About this exercise
What are the lines, word for word, from the line with "유럽 및 미국 여성 의류" up to and including the line with "На страницах сайта" in the records below? Omit the pictures.

The input

Segment Open

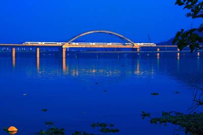 武广高铁就像一条玉带飘落东湖上,让广东、湖南的旅客还未下火车就能一睹武汉东湖迤逦的风光美景,而这一段高铁一举成为东湖新的标志性人文景观。
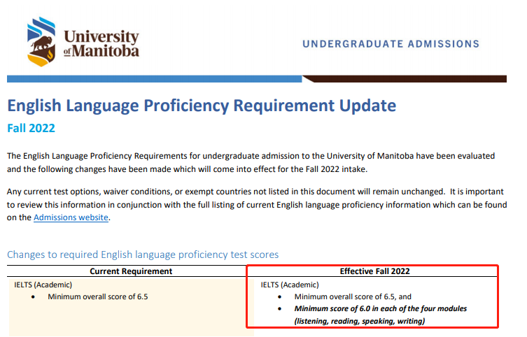 雅思6.5單科6.0(2022年9月入讀生效)
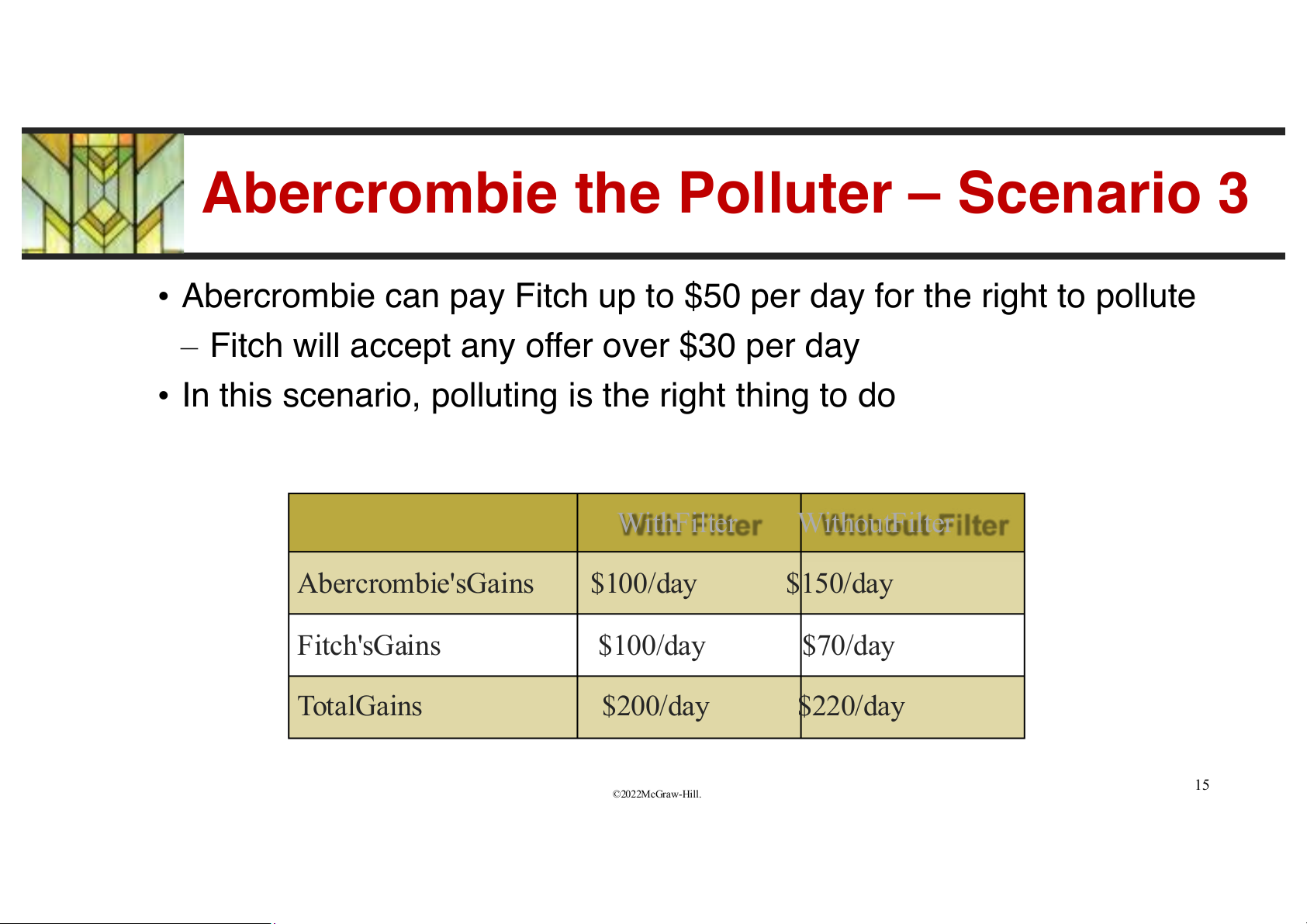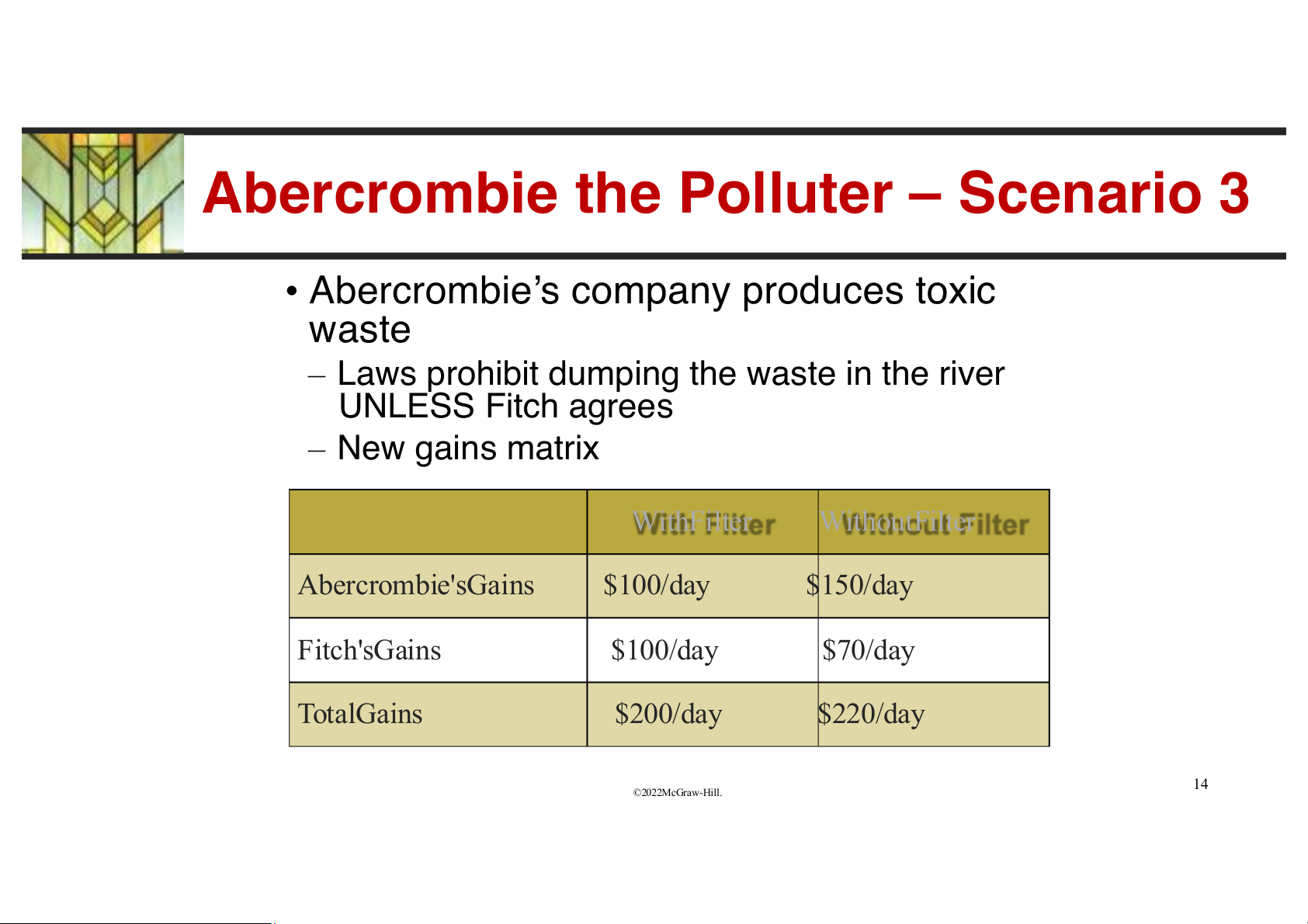 – Laws prohibit dumping the waste in the river UNLESS Fitch agrees – New gains matrix With Filter Without Filter Abercrombie's Gains $100 / day $150 / day Fitch's Gains $100 / day $70 / day Total Gains $200 / day $220 / day 14 ©2022 McGraw-Hill.
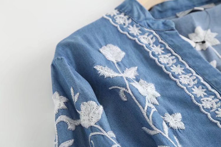 유럽 및 미국 여성 의류 가을 겨울 신상품 해외 무역 도매 레트로 긴팔 꽃 자수 데님 스타일 여성 셔츠스토어 가기
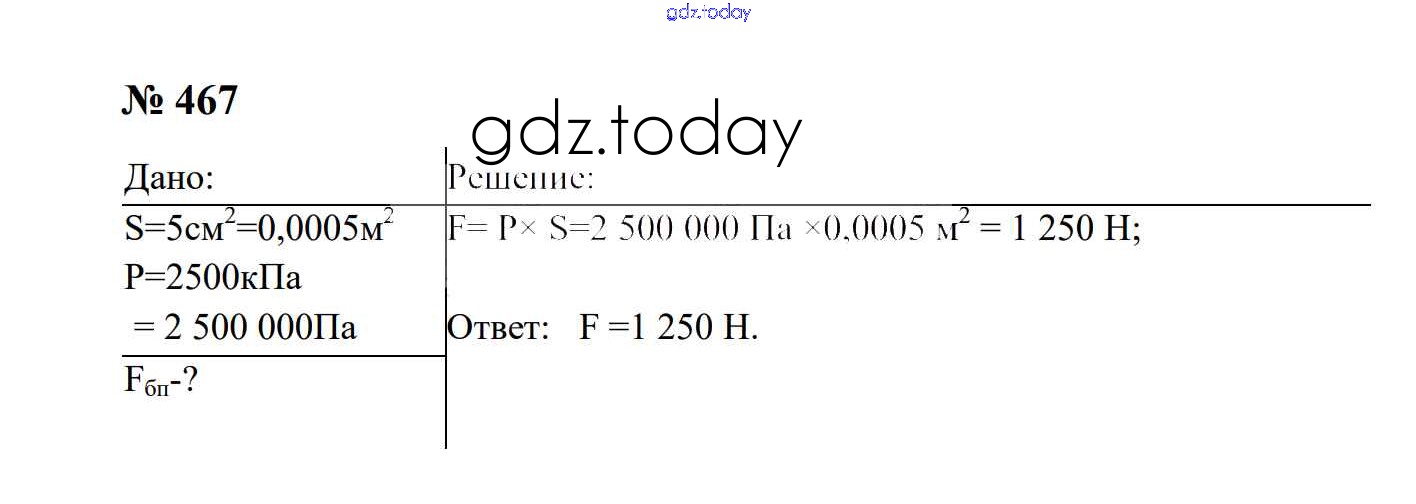 На страницах сайта gdz.today вы найдете учебный и вспомогательный материал, направленный на улучшения знаний школьной программы. ГДЗ - онлайн мир знаний Давление твердых тел, жидкостей и газов Решение. 7 класс 467 Сборнику задач по Физике для 7-9 класса Перышкин, Лонцова Экзамен УМК 2016
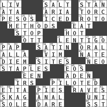 ACROSS 1. 54 in ancient Rome 4. Table seasoning 8. Comedian Laurel of Laurel & Hardy 12. "One Day ___ Time" 13. Operatic vocal solo 14. Torque (variant) 15. Mexican monetary units 18. On the rocks 19. Printing process, for short 20. Modes 22. Erode 23. Close up, plug up 24. Being at a high temperature 25. Baseball player Mel 26. Small, flat, pigmented spot on the skin 30. Infant food 33. Smooth fabric 36. Taken by mouth 37. Silent film actress Nazimova 39. Zeal 40. Nathan's nickname 41. South Vietnam president (1954) 42. Settings 44. Modern: prefix 45. Paper fasteners 47. Greek goddess of the dawn 50. Car or cant ending 51. An important port of Yemen 53. Big collection agency 54. Manned the helm 57. Singer James 59. Sliced desserts 61. All-night dance parties 63. Heroin 64. Of or related to the anus 65. Single; one (prefix) 66. Flatfish 67. Have the gumption 68. Fast jet (abbr.) DOWN 1. Pet locale 2. A whole individual unit 3. Flower holders 4. Expressed in words 5. Curves 6. Untruth 7. Small amount or degree 8. Ski resort town in Vermont 9. A blast of a horn 10. Tate display 11. Non-commissioned officer (abbr.) 16. "Beetle Bailey" pooch 17. Attempt 21. Elects 22. Period of immesurable duration 24. Layer 26. Welles in "The Third Man" 27. SW Asia republic 28. Yard entry 29. Butter sub 30. Groovy apts. 31. Set down 32. Entreaty 34. Advice 35. Teat (slang) 38. Electrical Measurement 42. Elected rep. 43. Lick closed 46. French article 48. Scent 49. Bristle 52. Mole, birthmark 53. Slanted text style (abbr.) 54. Lightbulb-shaped fruit 55. Small island 56. Hiding places for outlaws 57. Curvy letter 58. Ring climax 59. Groovy apt. 60. _ tizzy (2 wds.) 62. Be seated
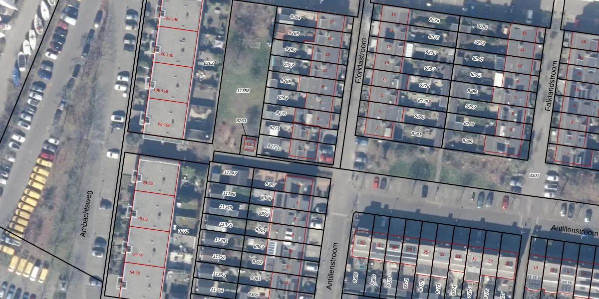 Het perceel waarop Floridastroom 1 staat heeft een oppervlakte van 172 m². Dit is een middelgroot perceel. De perceeloppervlakte wordt geregistreerd door het Kadaster. Gedetailleerde informatie over de maten van dit perceel kunt u vinden in het rapport Kadastrale kaart met maatvoering van Floridastroom 1.
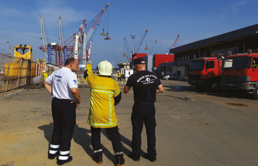 WeCAPS contribue à renforcer la sécurité et la sûreté des ports d’Afrique de l’Ouest et centrale. Ici, l’expert protection civile du projet avec un pompier togolais et un formateur de l’association BMPMonde dans le port de Lomé au Togo. © Marion Piccio
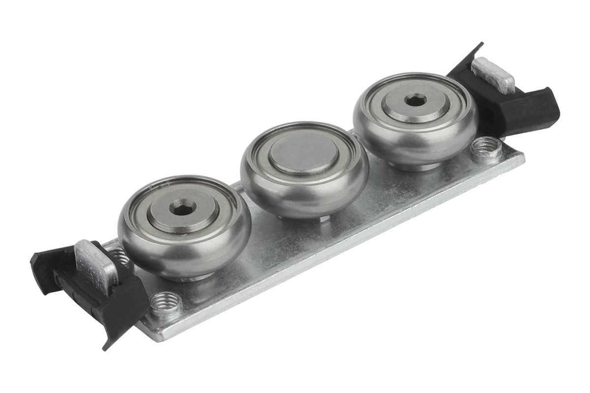 Carro guía sobre rodillos con bajo coeficiente de fricción y, por tanto, funcionamiento suave. Los pivotes de los rodillos están engrasados de forma permanente y disponen de una junta 2Z (cubierta protectora contra el polvo). Regulando fácilmente el rodillo excéntrico central, el carro guía sobre rodillos se puede ajustar en el carril sin juego o con la tensión previa deseada. La versión compacta dispone de rascadores de plástico para limpiar las vías.
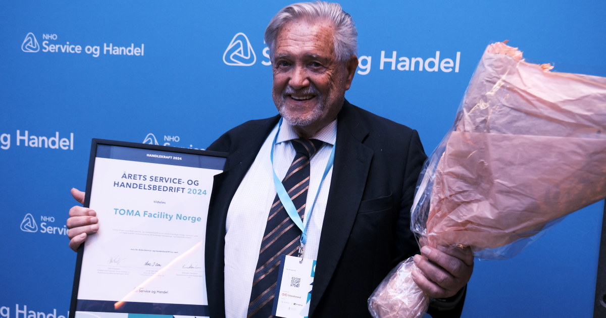 14.11.2024 | Drift og Service, Renhold Toma kåret til Årets service- og handelsbedrift Det bergensbaserte selskapet ble i dag tildelt den prestisjetunge prisen Årets Service og Handelsbedrift. Prisen ble det ut under årskonferansen til NHO Service og Handel 14. november på Oslo Event Hub.
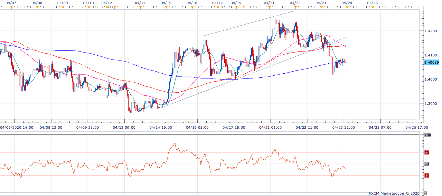 Acceptance under the 200-hour average would mean the bounce from Thursday's low of 1.40 has ended and the sell-off suggested by the 4-hour chart rising channel breakdown has resumed.

Segment Closed

Solution for this exercise
 유럽 및 미국 여성 의류 가을 겨울 신상품 해외 무역 도매 레트로 긴팔 꽃 자수 데님 스타일 여성 셔츠스토어 가기
 На страницах сайта gdz.today вы найдете учебный и вспомогательный материал, направленный на улучшения знаний школьной программы. ГДЗ - онлайн мир знаний Давление твердых тел, жидкостей и газов Решение. 7 класс 467 Сборнику задач по Физике для 7-9 класса Перышкин, Лонцова Экзамен УМК 2016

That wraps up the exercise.